Archive for Friday, June 11, 2010

Hummus as mayo swap, and a weight-loss idea

June 11, 2010


Q: What is hummus? Is it healthy for you?

A: Hummus is a staple in Middle Eastern dishes. Its main ingredient is chickpeas (also known as garbanzo beans), blended with other ingredients in a food processor until it becomes a smooth paste. Recipes almost always include tahini (or sesame seed paste) and also commonly call for garlic, lemon juice, olive oil, and a variety of spices and other flavorings. You can also find recipes that include additional ingredients, such as sun-dried tomatoes, spinach, olives, pine nuts, chipotle peppers and my favorite, roasted red peppers.
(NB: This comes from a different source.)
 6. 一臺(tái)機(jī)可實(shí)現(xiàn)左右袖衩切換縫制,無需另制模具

Hummus is often served as an appetizer or snack, to be spread on pita bread or pita chips, or used as a vegetable dip. Hummus can also be used as a spread on bread for sandwiches or in place of mayonnaise or salad dressing in salads (such as the chicken salad wrap recipe below).

As we know, changing the ingredients will change the end product’s nutritional profile of any recipe. Yet, I do consider hummus to be a very healthful alternative to other types of spreads and dips. If you’re substituting hummus for a sour-cream-based dip or mayonnaise-based spread, of course you’ll be better off. Not only does hummus offer more protein and less fat, the fat it does contain comes from the olive oil and tahini, both of which are chock-full of heart-healthy monounsaturated fat rather than saturated fat, which should be limited.
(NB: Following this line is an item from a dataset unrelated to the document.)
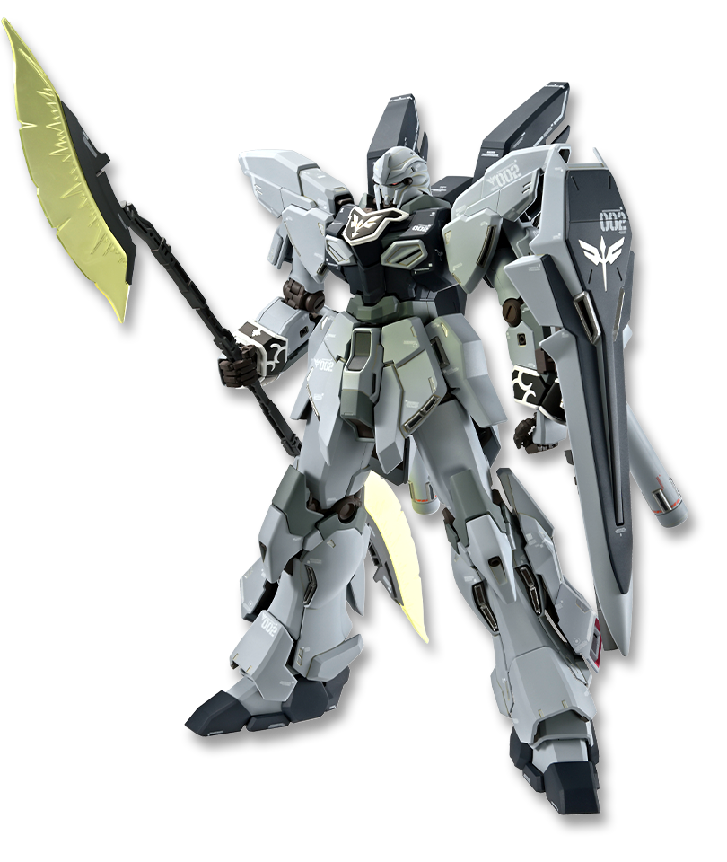 There were originally two Sinanju Steins in the world of the series. This was made clear from the beginning of the "Gundam Unicorn" novel series, but the role that the second Sinanju Stein played was kept hidden until "Gundam Narrative" was written. Some of you may remember there was another Sinanju Stein Ver.Ka that released about 10 years ago when there were still no plans to feature the MS in the animated "Gundam Unicorn" series, which was yet to be concluded. This time, we incorporated settings from the animated "Gundam Narrative" film and created engravings of Neo Zeon on the sleeves consisting of parts division, which can be recreated by simply assembling the kit. You can see that it embodies GUNPLA technology from the past 10 years. It also adopts design arrangements unique to this GUNPLA such as gimmicks where the Beam Naginata can be divided and stored.

According to USDA, one tablespoon of commercial hummus has 23 calories, 1 gram protein, 1 gram total fat, 0.2 grams saturated fat, 0.6 gram monounsaturated fat, 0.5 gram polyunsaturated fat, no cholesterol, 2 grams carbohydrates, 0.8 grams dietary fiber, 0.3 milligrams iron, 32 milligrams potassium and 53 milligrams sodium.

But, like anything, you have to watch your portions to be certain hummus fits into a healthful diet. If you serve up a half-cup of hummus, you’ll be treating yourself to more than 200 calories and 10 to 12 grams of fat.

Here’s a recipe shared in the fourth issue of this year’s Walk Kansas newsletter. It is a hit! To change it up a bit, I like to serve it on the 100 percent whole-wheat thin buns instead of turning it into a wrap.

Vegetable Wraps with Chicken and Hummus

1 cup diced, cooked chicken (or salmon)

1/2 cup chopped cucumber

1/2 cup chopped sweet bell pepper (red, yellow or green)

6 thin, fresh asparagus spears (steamed, chilled and chopped)

1/2 cup chopped lettuce greens

8 quartered cherry tomatoes

1/2 cup hummus (I use the Sabra Roasted Red Pepper Hummus — it’s mild and yummy)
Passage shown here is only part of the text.